Do things get direr from here, if you are on the management side, or is this the end? Or, is this even a thing that really matters when you are enjoying record profits per share quarter after quarter? As many protesters as there are outside Google’s offices, there are many thousands more who are happy to look the other way or maybe just agree with the management’s decisions.
The generally centrist, capitalist side of me suggests that these are really the growing pains of a young industry, which is now realizing that you can’t run a hundred-billion dollar company composed of tens of thousands of people like an anything-goes-madhouse. At some point, people’s gotta realize that there’s work to be done at work, and, you know, if you don’t like it, there are other jobs.

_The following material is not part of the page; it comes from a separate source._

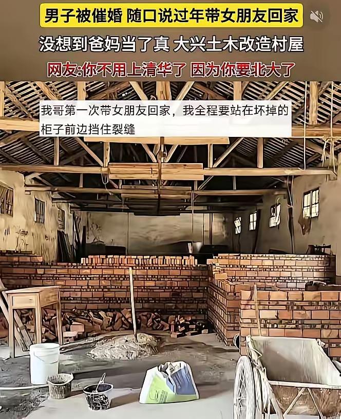 这下玩笑开大了!湖南,一男子过年前和父母打视频,母亲看他一直没有对象,心里着急,就多唠叨了两句,男子随口说要带女朋友回家过年,结果等他过年回家时发现,父母不仅当真了,还把一个房子给收拾出来。网友:这下神仙都救不了你了。 男子当时只是被母亲的催婚念叨得有些无奈,在外打工多年一直忙于工作,感情生活没有着落,每次和家人视频,婚恋问题都是绕不开的话题。他只是想随口搪塞过去,压根没料到父母会把这句玩笑话记在心里,还认认真真做了所有准备。踏上返乡路程的时候,他还在心里盘算着该怎么找借口圆场,推开门的那一刻,眼前的场景直接让他愣在原地,半天说不出话。 父母特意腾出了家里采光最好的一间闲置房,从墙面到地面都彻底打扫干净,原本堆放在房间里的旧物件全部规整妥当。床上铺着崭新的纯棉床单被罩,花色是长辈眼里温柔又喜庆的样式,床头柜上摆着全新的洗漱套装,连女生专属的拖鞋、居家睡衣都提前买好,尺码都是按照男子平时描述的身形准备的。阳台还新摆了几盆绿植,整个房间被收拾得温馨又整洁,处处都透着用心。 母亲还拉着他细数准备的东西,年货特意备了双份,都是按照年轻人的口味挑选的零食水果,冰箱里塞满了新鲜的菜品,就等着准儿媳上门下厨。父亲甚至提前打听好了周边的游玩景点,打算等孩子带着女友回家后,带着两人四处转转。就连给女孩准备的新年红包,都早早包好压在枕头底下,金额是长辈眼里寓意吉祥的数字,每一个细节都藏着二老满满的期待。 男子站在收拾妥当的房间里,心里又酸又涩,还有说不出的愧疚。他能清晰感受到,父母的较真从来不是为难,而是藏在催婚背后最朴实的牵挂。他们不奢求孩子能有多出息,只盼着常年在外漂泊的儿子,能有个知冷知热的人陪伴,往后的日子能有个依靠。这份沉甸甸的心意,让他根本舍不得直接戳破谎言,怕看到父母失落的神情。 他只能先谎称女朋友临时遇到工作急事,没能一起赶回来过年,父母脸上虽然难掩失望,却也没有过多责怪,只是反复叮嘱他,下次一定要把人带回家看看。这件事被男子分享到网上后,迅速引发了网友的热议,大家在调侃他“挖大坑自己跳”的同时,也纷纷被这份朴素的亲情打动。 春节期间的催婚,是很多在外打拼年轻人都会遇到的情况,湖南当地的家庭大多重视亲情团聚,长辈对子女的婚恋牵挂,更是刻在日常的点滴里。这件看似搞笑的生活趣事,没有任何戏剧化的编排,就是最真实的家庭日常,也戳中了无数年轻人的共鸣。 我们总会对父母的唠叨感到烦躁,却常常忽略唠叨背后的牵挂,父母的期待从来不是负担,而是家人之间最真切的爱。这场小小的玩笑,没有引发家庭矛盾,反而让男子更读懂了父母的心意,也让网友看到了春节最动人的模样,不是丰盛的年货,而是家人藏在细节里的在乎。 各位读者你们怎么看?欢迎在评论区讨论。

But another side of me thinks that these are also growing pains of an industry that has long neglected its impact on those people who have to deal with the externalities of its products. It is probably good that a company faces criticism when it walks out an executive with checkered sexual harassment past with a hero’s goodbye, or when it takes money from lying politicians under the disguise of some Fifth Estate bullshit. Those things are objectively bad things, and it is good that people whose personal and professional lives intertwined with the places they work at are upset at the management for letting them happen.

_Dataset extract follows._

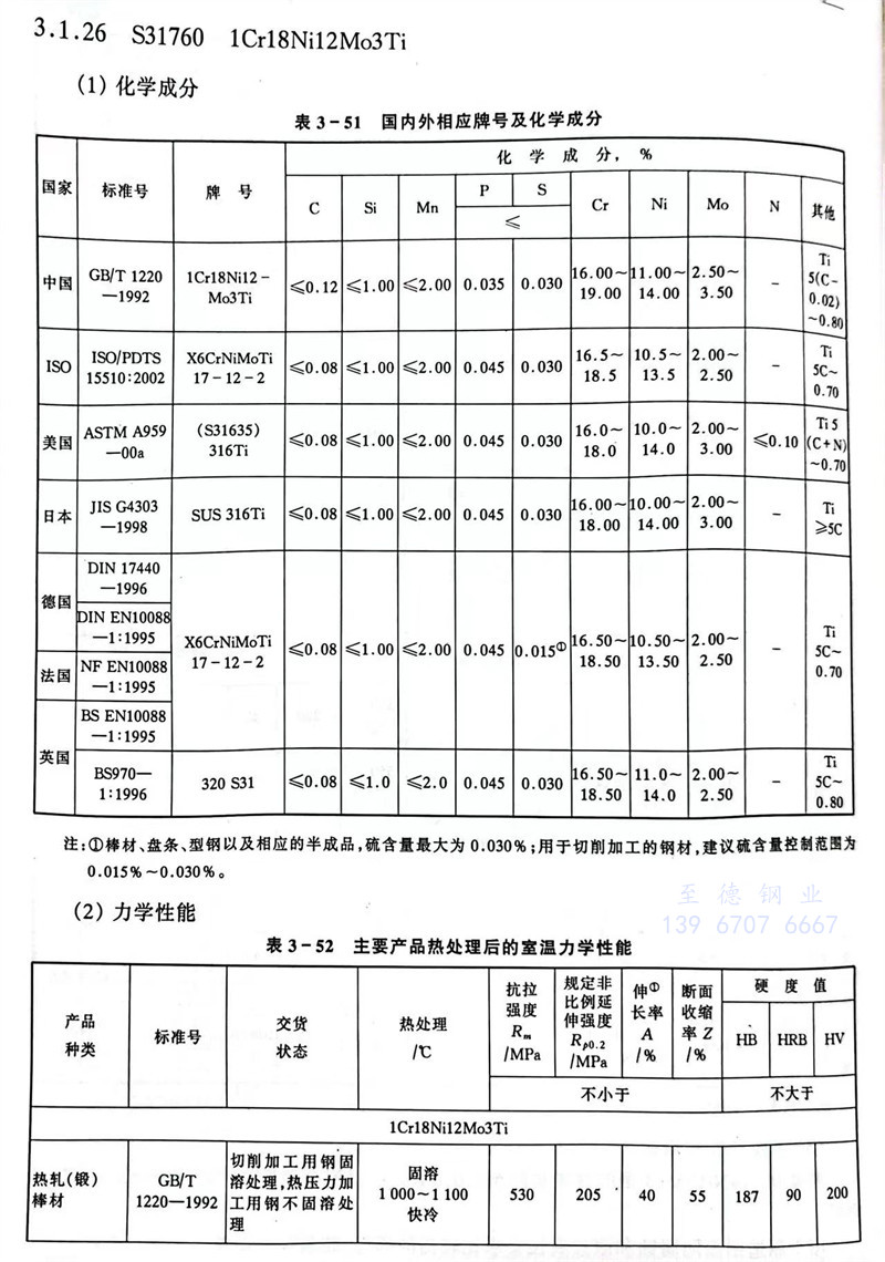 S31760 1Cr18Ni12Mo3Ti 不锈钢主要特性和用途
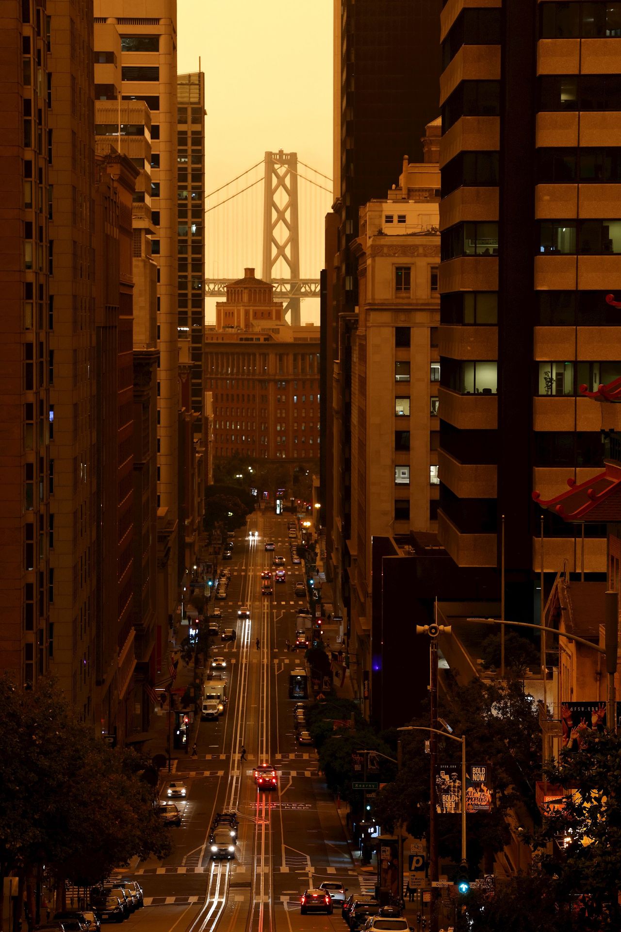 Vista del cielo anaranjado casi rojo en San Francisco, California. El intenso humo de estos días a causa de los incendios declarados en California (EE.UU.) se unió este miércoles a la niebla y cubrió San Francisco con un cielo inédito de un intenso color naranja que recordaba al imaginario del Apocalipsis.

Sometimes people ask me if why I am so cynical about the technology industry, and I tell them I really am not. I have been fascinated by computers since I’ve touched one, and made this field my career, somewhat to chagrin of my parents (though they’ve come around). I’ve made a good living working in this field, and continue to do so. However, at the end of the day, I recognize this is all a means to an end, which to make my life as well as others lives better. The work I do is for humans, not computers, and I do it primarily through humans, with computers in the loop, not the other way around. Luckily, I do not need a PR-bot to tell me what I am doing is good for the world.